25 Years from the Most Important Moment


It's been brought to my attention, and in retrospect it's amazing I didn't sense it on my own, that this week marks 25 years since the day that I and 30+ other Notre Dame and St. Mary's students left on a Pan Am jet for the small village of Maynooth, Ireland.

I would travel to every bend of the country during that sophomore year of 1988-89, sometimes carrying nothing but a backpack, a journal and my thumb. But I also extended my travels to the continent and beyond. At the age of 19, I found myself skiing the Alps, gazing up at the Glockenspiel, walking among the ghosts of Masada, viewing the despairing slums of Gaza from the comfortable remove of a U.N. bus, swimming (I should say floating) in the Dead Sea, lighting a candle inside St. Peter's Basilica, riding the street cars of Budapest, staring in genuine awe at the Mona Lisa, and busking on Dublin's Grafton Street (and once on a boat to the Aran Islands).

Yet, despite the fact that I recall this year as often as one remembers a departed family member, these aren't the things I think about. What I really remember are the walks. 

The house that I shared with fellow Americans Pat, Bryan and Trace was two miles from everything: the college, the grocery store, the laundromat, the pub ("The Roost"), the ATM, the phone booth, the chipper. You couldn't even get a shower without first taking a good walk (and thus needing it even more). The first leg of the journey took you out of our bland, cookie-cutter housing development, Cluain Aoibhinn ("Kloon Even"). The bulk of it sent you along a narrow road marked at the halfway point by a "News Agent," at which I bought no newspapers but many Cadbury Dairy Milk bars. As you neared the school, you took a stone bridge over a small canal that ran along a horse pasture. Then finally, after nearly 20 minutes, you spied the castle ruin marking the entrance to St. Patrick's College. I made this walk every day, at least twice a day, for eight months.

I have no real recollection of what I thought about on these daily journeys, sometimes completed with my roommates, more often alone, sometimes on the way to the main road where you hitchhiked to Dublin, often late at night after The Roost had finally closed its doors. But I do remember one particular morning. It was midway through the year. I'm sure the air was laced with co-mingled coal and peat moss smoke rising from every house chimney. I was likely sporting worn black suede shoes with slightly detached soles, and wearing three layers of denim and flannel underneath my favorite maroon-and-black-checkered jacket.

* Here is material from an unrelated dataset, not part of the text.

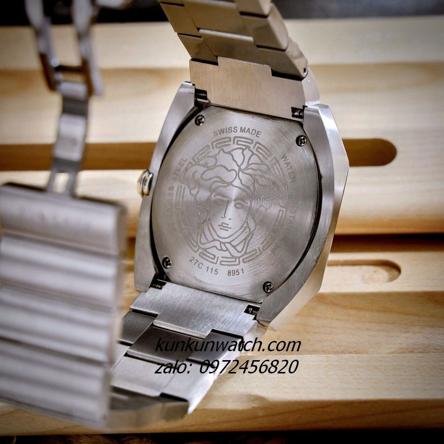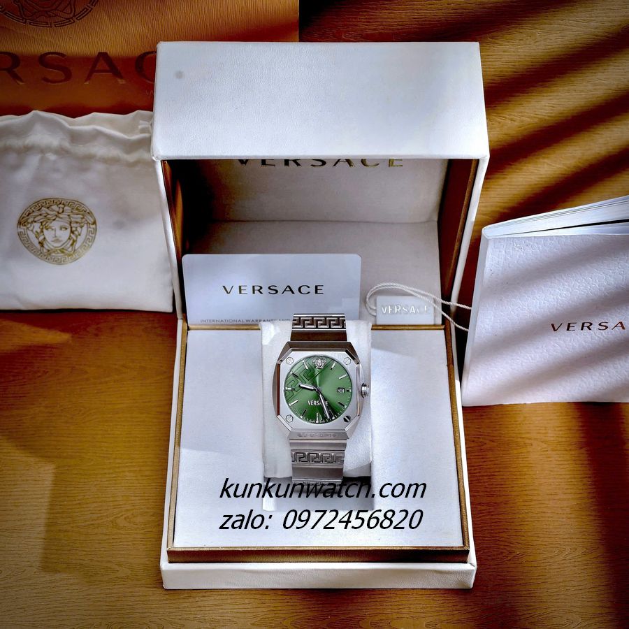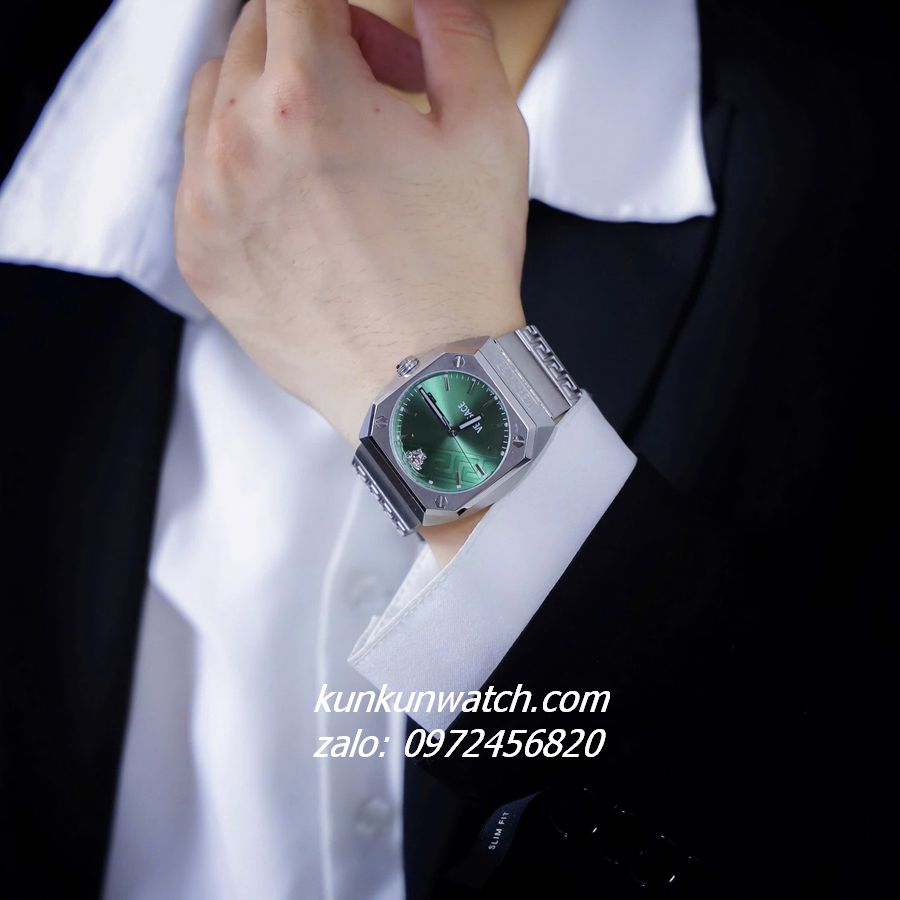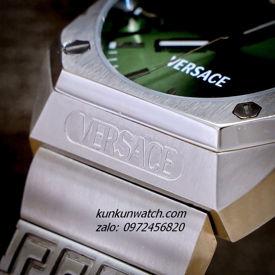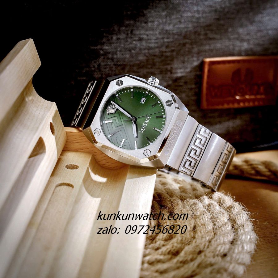 Đồng Hồ Nam Versace Antares Green Silver mặt vuông, điểm vạch 11 mốc giờ, icon medusa mốc 12 giờ. Họa tiết Greca ở nền mặt số và dây đeo cực chất. Dây đeo thép không rỉ, khóa bấm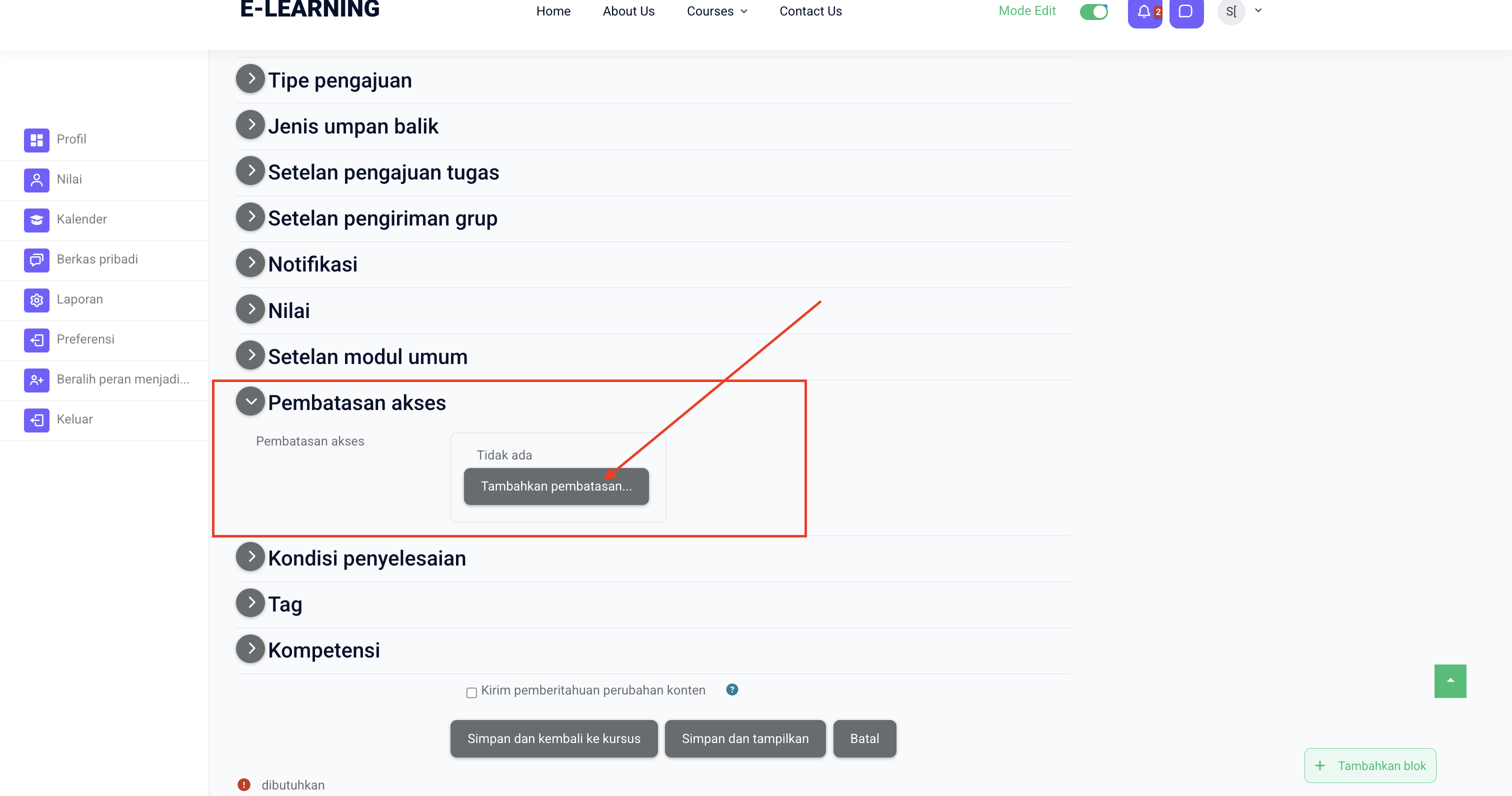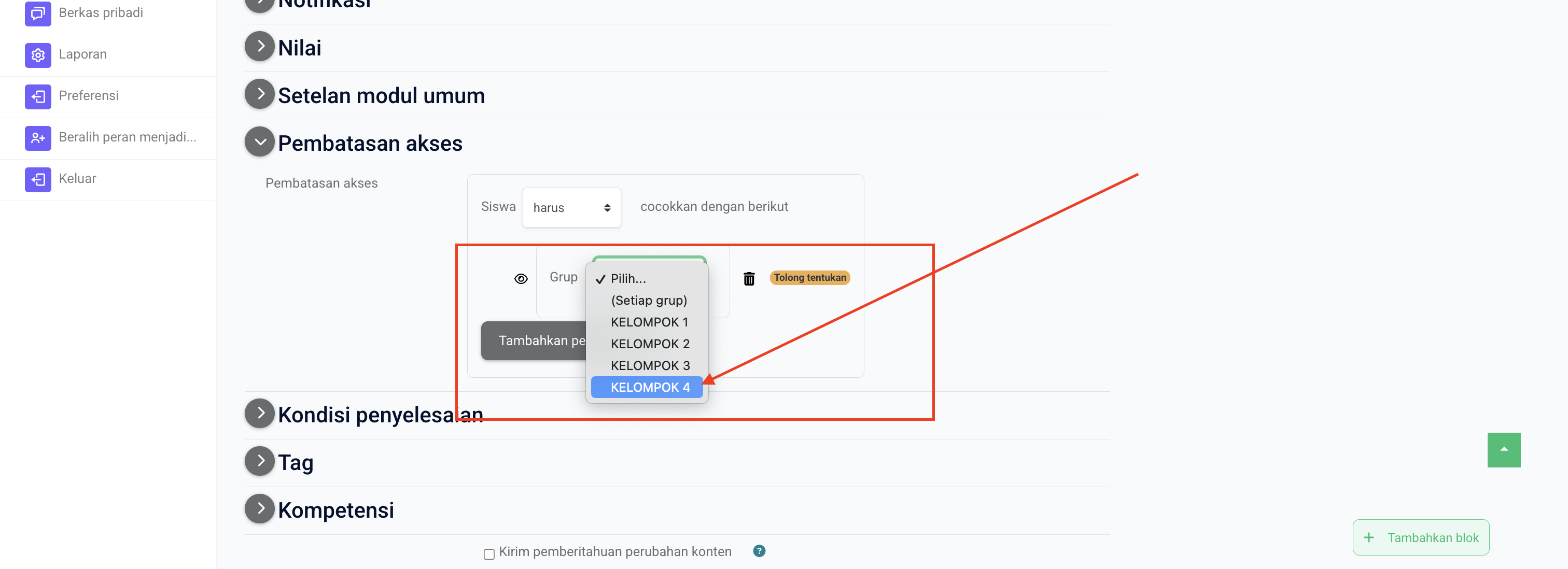 • Ketika “Pembatasan akses → Tambahkan pembatasan → Grup” dipilih, Anda bisa menentukan kelompok mana yang boleh melihat atau mengerjakan tugas tersebut.

I crossed that stone bridge and stared at the frost underneath the hooves of the horses, and at that moment, something washed over me that I've always found impossible to describe. Pete Townshend writes about hearing gorgeous music in his head as boy while on the sea one day--strains he's never been able to adequately recreate (though he says he came closest in the introduction to "Baba O'Reilly"). I can equate my feeling only to the correction of an astigmatism, like images that had always been split, fragmented and malformed finally coming together into perfect, sharp focus. But the images were me. And in that odd, glorious moment, it was as if I finally felt some kind of defined place in the universe: right, comfortable, genuinely spiritual. So overwhelmed by the feeling, I stopped and inhaled its euphoria along with the coal, peat and chill. And then, just as quickly as it had come, it vanished. I wouldn't be surprised if everybody on that program experienced something similar in their own way. It's the reason why I and the handful of others on my return flight cried in silence the second our plane left the ground in Shannon and headed west to bring us home.

I still bemoan never being able to conjure that cosmic ecstasy in Maynooth 25 years ago, but over time I find myself letting the wanting go in favor of hoping that others, especially my son, have the chance to feel something similar. I partly owe my Irish experience to my father's insistence that all of his children study abroad. And since his sudden death in May, I find myself wondering if his 77 years ever delivered him a comparable, magical moment. I imagine that if it did happen, it was while he was in college or grad school, before he chose the path of taking responsibility for other people and institutions, maybe when he was a newspaper reporter in St. Louis or Minneapolis--some point in his life when he was young and idealistic, doing what he truly loved, and able to accept the universe's generous offer of a unique place, just for him, just for that moment.  

Comments

Kristen Gill said…
Fantastic read, Mark. I was nearly in tears myself. Thank you for capturing in words what many others of us on the program certainly felt, but may never be able to put down in words. "Slainte!"